EuglenaShells: morphable, modular and reusable metasurfaces inspired by the active envelope of Euglena cells

Surface morphing is difficult because of Gauss’ Egregium Theorem, by which changes in Gaussian curvature require in-plane stretching/shearing [1]. This theorem is also at the root of geometric rigidity of curved shells. Thus, a surface with adaptable in-plane deformability may switch between rigidity and malleability. Here, we develop a novel concept for Gaussian morphing, EuglenaShells, inspired by Euglena cells. EuglenaShells are metasurfaces made of parallel slidable strips, which morph by sliding patterns between strips [2,3]. In existing morphable metasurfaces, sub-units (strut-joint lattices, swelling/pneumatic domains, origami/kirigami motifs) eventually lock, limiting the extent of morphing.
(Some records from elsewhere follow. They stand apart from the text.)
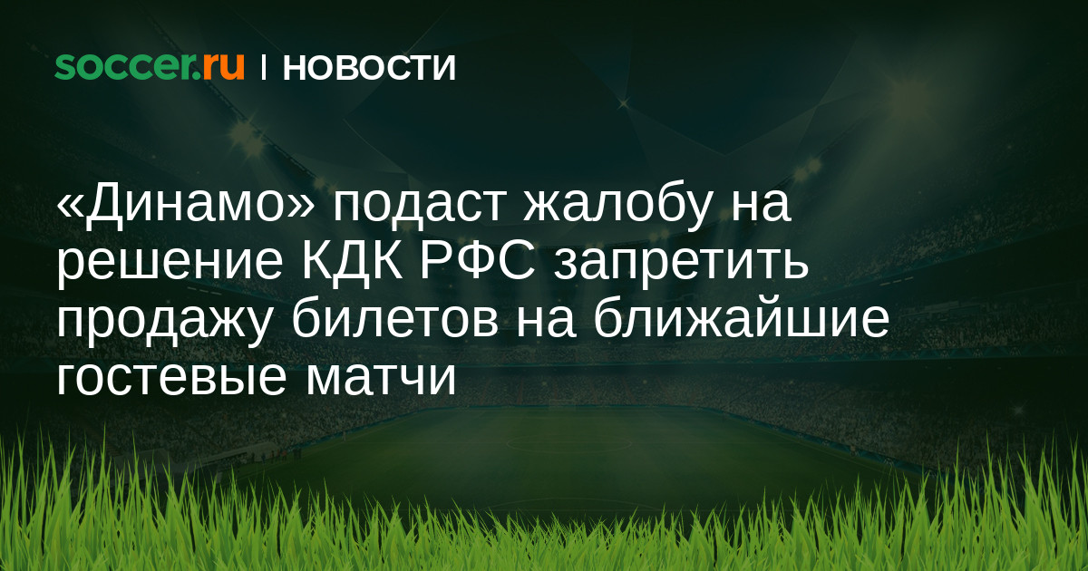 Московское «Динамо» подаст жалобу на решение Контрольно-дисциплинарного комитета РФС о запрете продавать билеты на три ближайших гостевых матча во всех турнирах.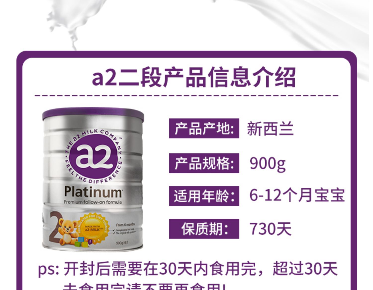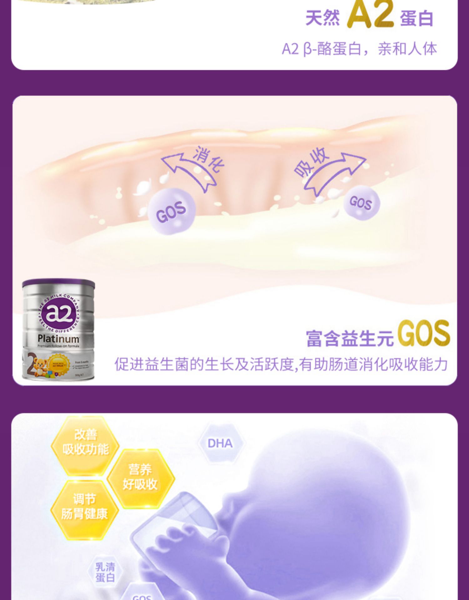 BSC|澳洲a2婴幼儿奶粉2段900g*3罐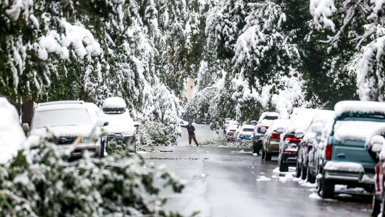 "Dada la profundidad del aire frío que infiltró el oeste, la acumulación de nieve también puede llegar en zonas bajas y el valle interior, cerca de la costa del Pacífico, donde la nieve es poco común", señala el pronóstico del NWS en la mañana de este jueves.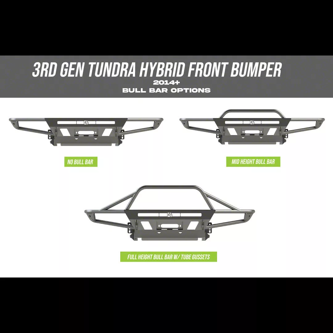 C4 Fabrication Hybrid Front Bumper with 30-Inch Light Bar Cutout and Mid-Height Bull Bar; Standard Width; Black (14-21 Tundra w/o Parking Sensors)Find parts that fit my vehicle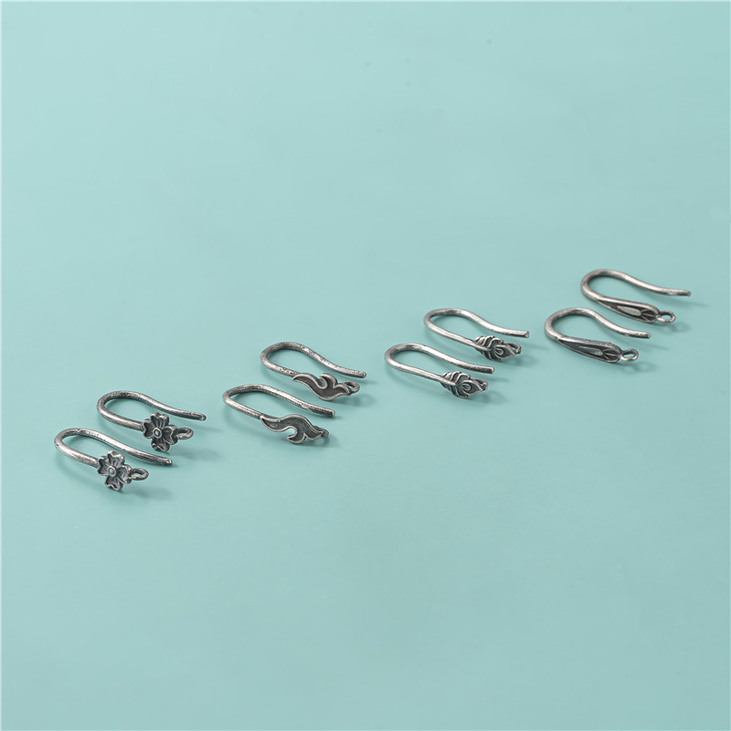 Boucles d'oreilles à crochets en argent sterling S925, motif trèfle à quatre feuilles vintage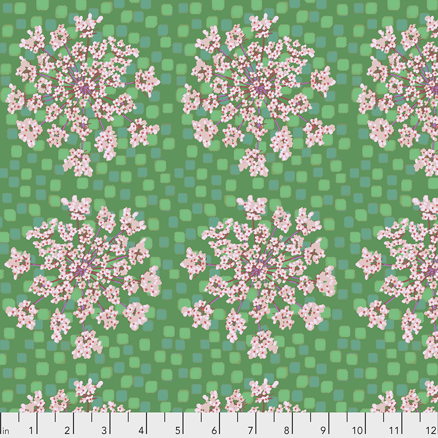 A lovely Anna Marie Horner fabric with delicate pink cherry blossom on a green background, complete with paving stones.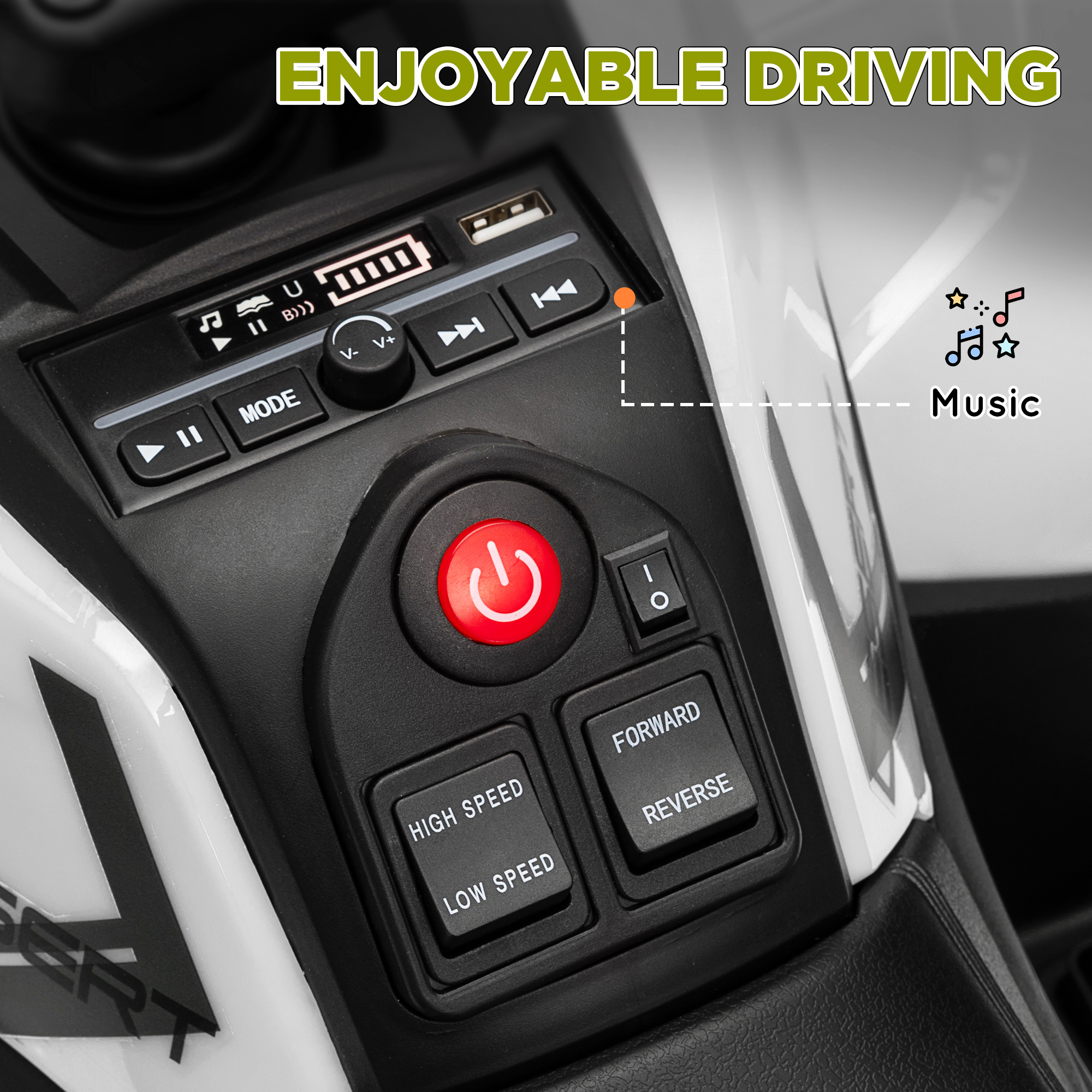 - Equipped with four headlights, music and a USB port for entertainment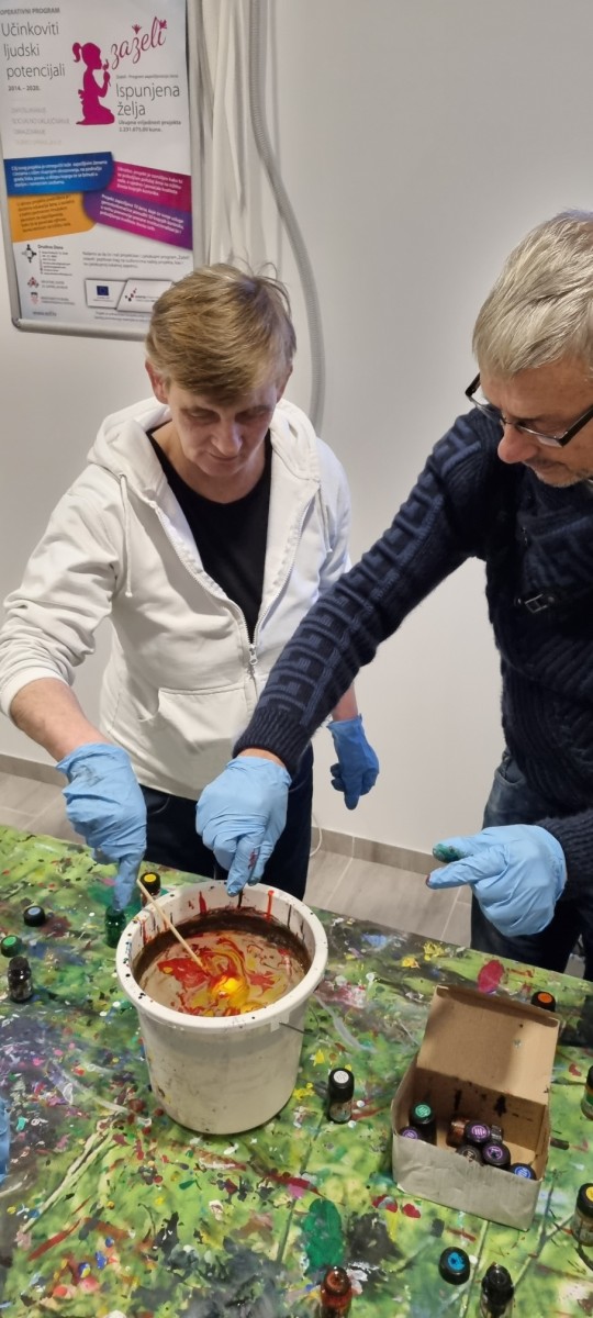 Odradili smo i praktičnu nastavu u Sisku. Ugostila nas je udruga "Društvo DORO" iz Siska. Članovima udruge, polaznici sisačke ekipe antistresnih kreativnih radionica pokazivali su dvije zanimljive tehnike koje su naučili proteklih skoro godinu dana. Izrađivali smo slike tehnikom izlijevanja akrilnih boja. Potom su polaznici pokazali kako se mramorira, odnosno posebnom tehnikom bojanja bojaju razni predmeti. Ovoga puta bojali smo kuglice od stiropora.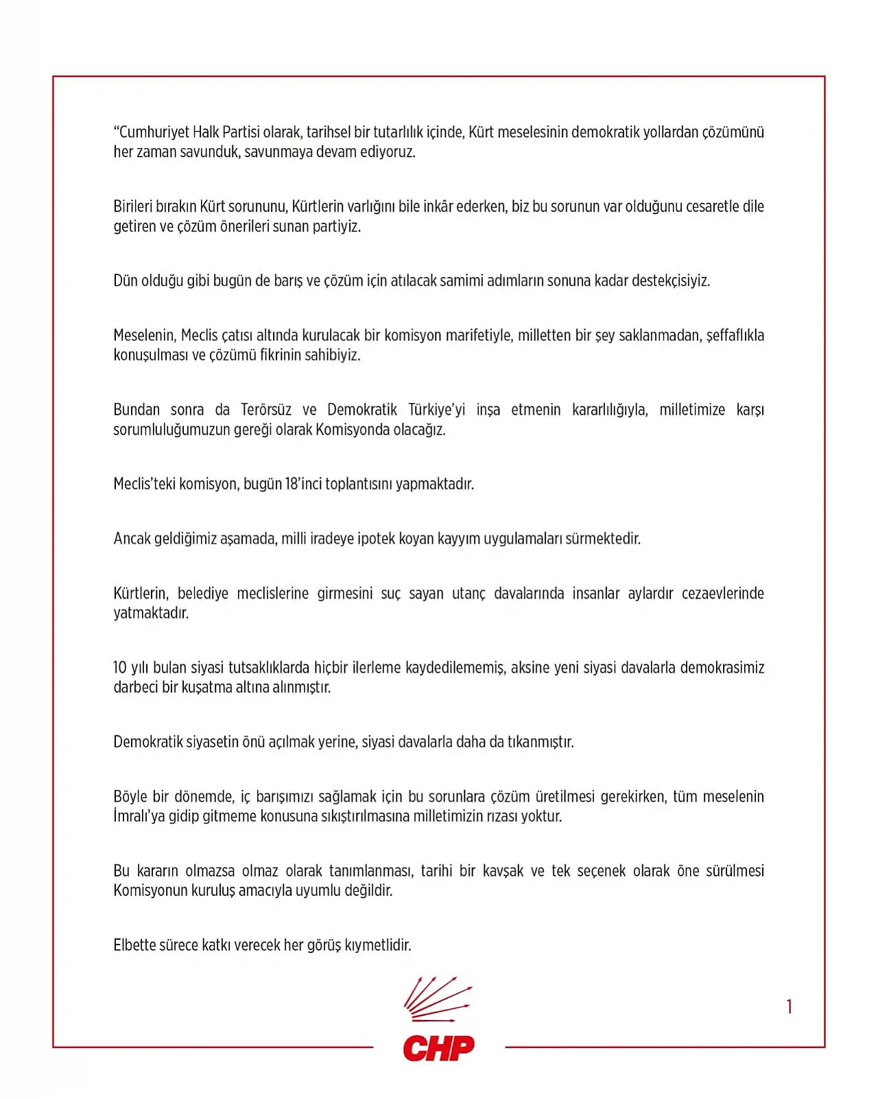 Cumhuriyet Halk Partisi, İmralı'ya gidecek olası bir heyete üye vermeme kararına ilişkin yazılı açıklama yayımladı.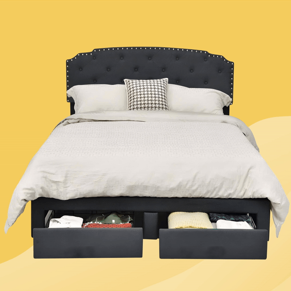 I've been on the lookout for a bed that offers both style and function, and this one fits the bill perfectly! The linen-upholstered headboard with button tufting adds an air of sophistication while its four spacious drawers provide ample storage space. Its sturdy build apparently supports up to 660 lbs without any signs of strain or wobble!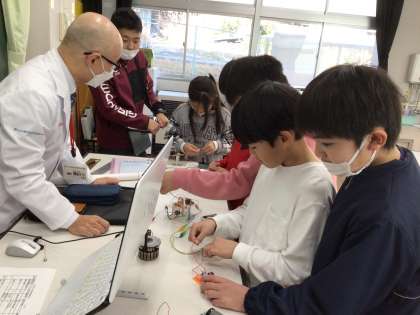 デンソーサイエンススクールを実施しています。電磁石の性質を利用した実験器具を使い、磁石と電気の関係を学んでいます。丸根山整備ボランティアでお世話になっている方も、今日は講師として授業を行なってくださいます。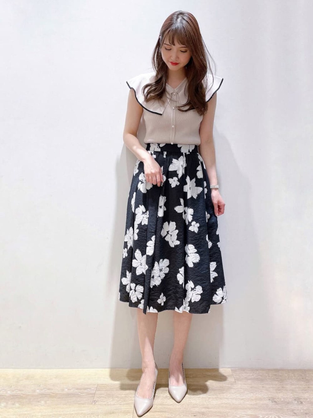 mizuki 160cm 上品な華やぎをプラスしてくれるニットに 花柄のフレアスカートでフェミニンスタイルに🫧 柔らかな色合いのトップスなので、ボトムのカラーは 落ち着いたブラックベースがおすすめです🙆♀️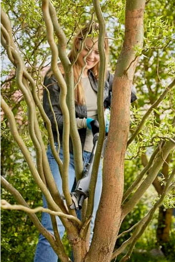Akumulatorowe nożyce do gałęzi HighCut 110/18V P4A – bez akumulatora od firmy Gardena pozwalają w prosty sposób ciąć gałęzie drzew i krzewów. Niski ciężar wynoszący zaledwie 1,9 kg sprawia, że nożyce wygodnie leżą w dłoniach w trakcie pracy. Umożliwiają przy tym swobodne dosięganie z ziemi gałęzi na wysokości do 2,5 m. Solidne wsparcie ze strony akumulatora POWER FOR ALL oznacza cięcie gałęzi bez większego wysiłku.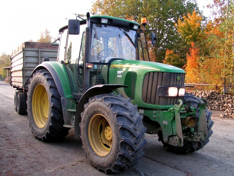 JOHNDEERE-6320 bei der Anlieferung von Zuckerrüben am Bhf. RIED i.I.; 081016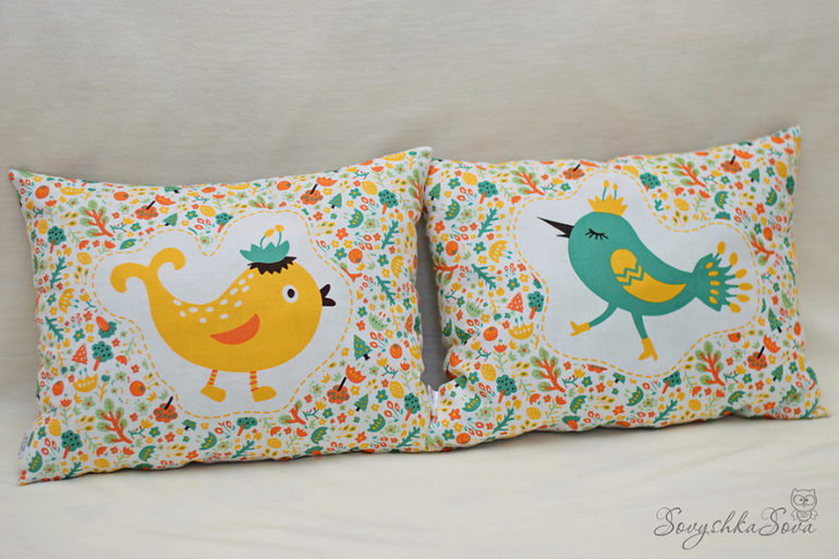 с птичками очень позитивные и яркие подушечки вышли... как раз для зимы !!! а где такой хлопок покупали ?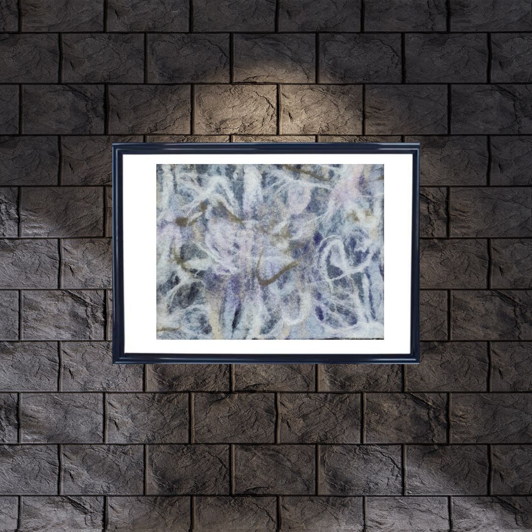 Textil de lana creado bajo la técnica de fieltrado húmedo intervenido con acrílicos.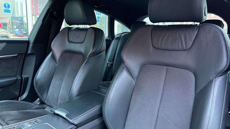 Audi connect safety and service (e-call), Audi drive select, Audi phone box with wireless charging, Audi smartphone interface, Audi virtual cockpit - 12.3" high resolution LCD digital instrument cluster display, Automatic start/stop system with coasting functionality, Colour driver's information system display, Electric boot release, MMI nav plus with MMI touch + 10.1" and 8.6" HD haptic touch screen/3D city models/country information/online map/route info and personal route assist, Natural voice recognition, Operating buttons in black, Power operated tailgate, Rear view camera, Service indicator, 24 litre AdBlue tank, Diesel particulate filter, Audi music interface - 2 USB ports with charger and data functions, Auxiliary input socket, DAB digital radio module, Frameless auto dimming interior rear view mirror, Front and rear electric windows, Headlight washers, Heat insulating glass in side and rear windows, High gloss black radiator grille with chrome single frame surround, LED rear lights, Rain and light sensors, Retractable rear spoiler, S line air inlet design with inlay in high gloss black, S line badge on front grille, S Line badge on wings, S Line Black rear diffuser with chrome inlays and rear grille, S Line front and rear bumpers, S Line side skirts, Signature LED daytime running lights, Towbar preparation, Windscreen with acoustic glazing, 4-way electric lumbar support, 40/20/40 split folding 3 seater rear seat bench with rear centre armrest, Auxiliary heater, Black cloth headlining, Electrically adjustable front seats - driver seat with memory, Front and rear headrests, Front centre armrest, Height/reach adjust steering wheel, Illuminated sun visors with vanity mirrors, ISOFIX child seat mounting and Top Tether with front passenger airbag deactivation, Leather gear lever, Leatherette upper instrument panel and door shoulders, Luggage compartment, Rear centre armrest, S line front and rear floor mats with contrast stitching, Stainless steel pedals and foot rest, Tool kit and car jack, Non smoking pack - A7, 3 point seatbelts on all seats, Driver and passenger airbags, Electromechanical parking brake, Electronic stabilisation control including ABS, ASR and EDL, Extended pedestrian protection measures, Hill hold assist, Seatbelt warning, Tyre pressure warning, Warning triangle and first aid kit, Anti theft alarm with tow away protection, Anti-theft wheel bolts and wheel loosening detection, Immobiliser, Keyless Go, Preparation for tracking system, Remote central locking,

Specific transformations require custom designs, hindering reusability and control of mechanics. EuglenaShells largely overcome these limitations. Sliding being unlimited, EuglenaShells show extreme morphing compatible with small strains in the slender sub-units. They are modular, reusable, and have tuneable mechanical properties (fluid, plastic, elastic, rigid) depending on the sliding interactions. These features of EuglenaShells will be illustrated with computer simulations and physical realizations at different scales.



[1] Klein, Efrati, Sharon, Science 315, 1116–1120 (2007).

[2] Arroyo, DeSimone, J. Mech Phys Solids 62, 99–112 (2014).

[3] Noselli, Beran, Arroyo, DeSimone, Nature Physics 15, 496-502 (2019).